Friday 20 February 2015

                Chapter 9.                                    Part F 

           This chapter's whole train of thought now brings us to a deeper implication embedded in my argument.

         Close analysis of human behaviors reveals that complete explanation of how and why they occur as they do cannot be built up from a list of individual behaviors and the advantages that practicing them might give to the tribe that does so. What I am trying to say here is that we can't reason our way to a moral code for all humans without first understanding that humans are capable of forming very large patterns of thinking that we usually call "concepts" or "beliefs".

            Behaviorism's model of human thinking is left behind at this point since Behaviorism does not adequately explain conceptual thinking. It connects stimulus to response in a one-to-one, mechanical way. It then explains some individual behaviors where stimulus and response can be clearly described in limited, detailed, objective terms. "The organism sees and recognizes these colors, shapes, and sounds, pushes the bar, and gets the food-pellet reward." I go to work at the big, grey factory, punch my time card at the clock beside the brown door, put bolts on widgets for nine hours, punch out, collect my pay, and go home.

                             


           But a human can confront situations that aren’t exactly like, or by sensory evidence even nearly like, anything that the human has encountered before, and still the human can react effectively. The English hunter who had never seen a moose, kangaroo, or rhinoceros, in muskeg, outback, or veldt, still knew where to shoot in order to kill one. Polynesian sailors navigated quite well by the stars of a new hemisphere when they first came to Hawaii as did European sailors when they first began to explore the lands and seas south of the equator.  What these people had helping them in each of those situations was a set of concepts: terms and ideas underlying them that stand for common patterns found in large numbers of experiences. The heart of the animal lies at the center-bottom of the ribcage, and a heart shot is fatal for every animal on this planet. 

             Even one particular man may react in one way to a new stimulus in his first trial run and quite differently in his next one, after he has contemplated the stimulus situation that is being presented to him for just a bit longer. He sees, hears, or feels a deeper, more general pattern that he now recognizes, and then, based on concepts stored in his memory, he plans and executes a more effective response to it. The lists of concepts and their uses could go on for pages. 
               
         Nearly every human past about eleven or twelve years old is capable of forming generalizations based on what he has learned from his individual experiences and, even more, what he has been taught by the adults of his society. Conceptual thinking is as human as having forty-six chromosomes.

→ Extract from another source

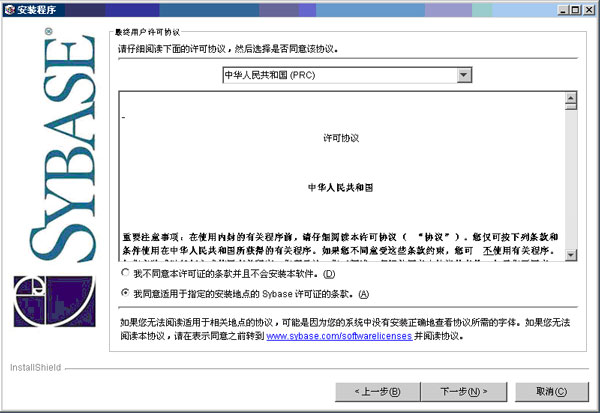 4、如上圖:選擇“中華人民共和國(guó)(prc)”,這里如果你英文好,你也可以選擇安裝英文版的,在選擇“我同意適用于指定的安裝地點(diǎn)的Sybase許可證條款”,然后在點(diǎn)擊“下一步”進(jìn)行安裝,
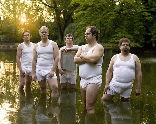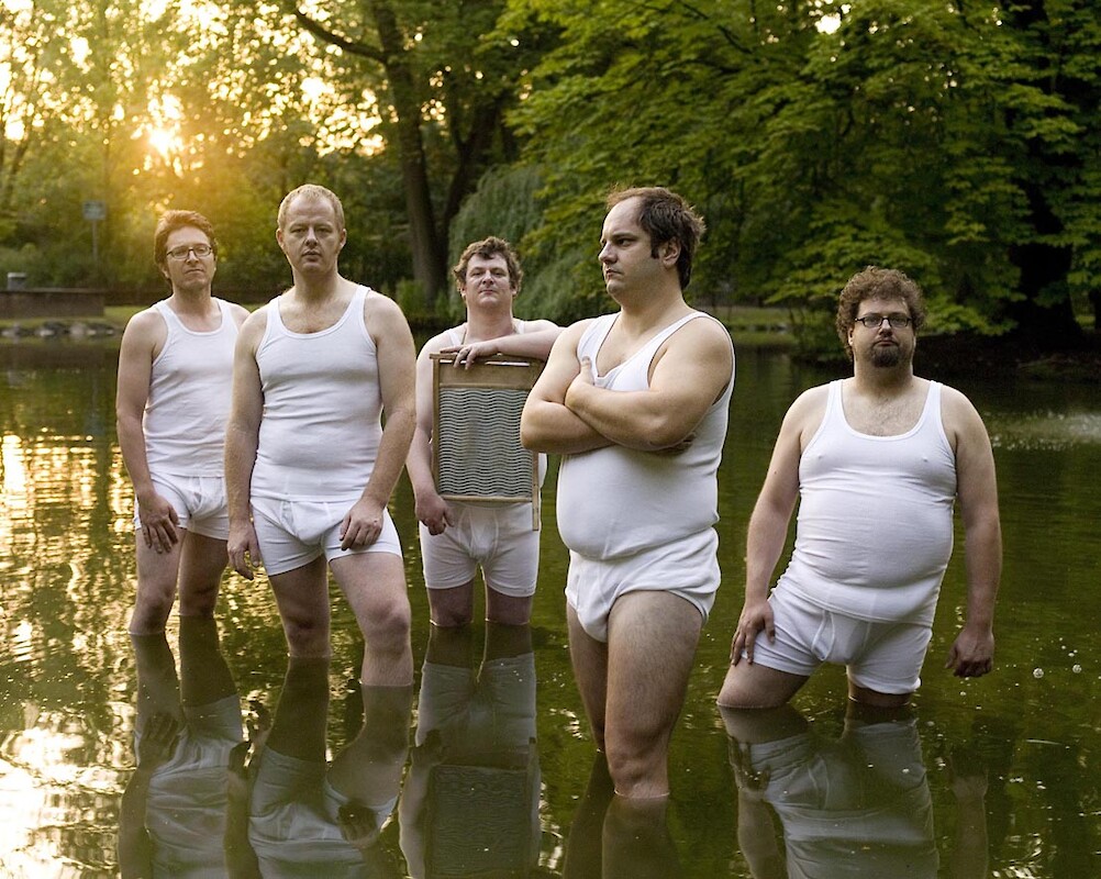 Mit Akkordeon, Gitarre, Waschbrett und Baritonsaxophon, Maultrommel, Heuler und Kamm spielen die fünf schweren Jungs der leichten Muse ihren eigenen Mainstream aus Bekennerliedern, Stadionrockhits und Volksjazzstandards.

It comes to a child at the age when, for example, s/he realizes that the short, wide cup holds more soda than the tall, slim one. Volume is a concept. (I take Piaget as my guide here.) (6.)  
               
            The programmers of society (parents, teachers, shamen, etc.) make use of this faculty in the young subjects that they are programming, and greatly increase these persons’ chances of surviving, by programming them with more than simple, one-to-one responses to sense data patterns that occur in recognizable repetitions in the tribe's territory. The young subject is ready to be programmed with “categories” and then, at higher levels of generality, with "principles", "beliefs", and “values”.

                                

Every tribe has labels (words) for large groups (categories) of similar things or events in the tribe's environment. These category-terms are taught to the young because they are useful in the quest for survival. The Sami (Laplanders) have many words for describing a reindeer because they sometimes need a single word to refer to a dark brown, pregnant doe who is pregnant for the first time in order to find her in a hurry. She is in labor, in distress, and in need of immediate care. And for Cro-Magnon tribes,  it probably was useful to have many terms for rock or stone or boulder or pebble or flint because only certain types of flint could be used to make really effective weapons and tools. On the other hand, most visitors to the Sami speak only of reindeer does, bucks, and fawns, or some visitors may have no words for reindeer at all. 

"Principles" are terms for patterns that are common in even larger groups of events. "Danger" and "edible" are very general in their range of application, but still very useful in real life. The first allows one tribe member to tell another to get away from some object or animal or area immediately. And stay away. The second allows one tribe member to tell another that the substance they are both looking at is worth gathering and keeping because it can be eaten, even if, sometimes, it doesn't taste or smell very nice.


The society or tribe has gradually learned that these very general terms are really widely useful in providing guidelines for the design of patterns of behavior that will be effective in the tribe's struggle to survive. And at last we come to "values" which are the most general of principles, ones that apply to huge patterns in our memories of sense data. We care about defining "good" because, deep down, we believe we need to know what "good" is in order to survive in increasing numbers over the long haul.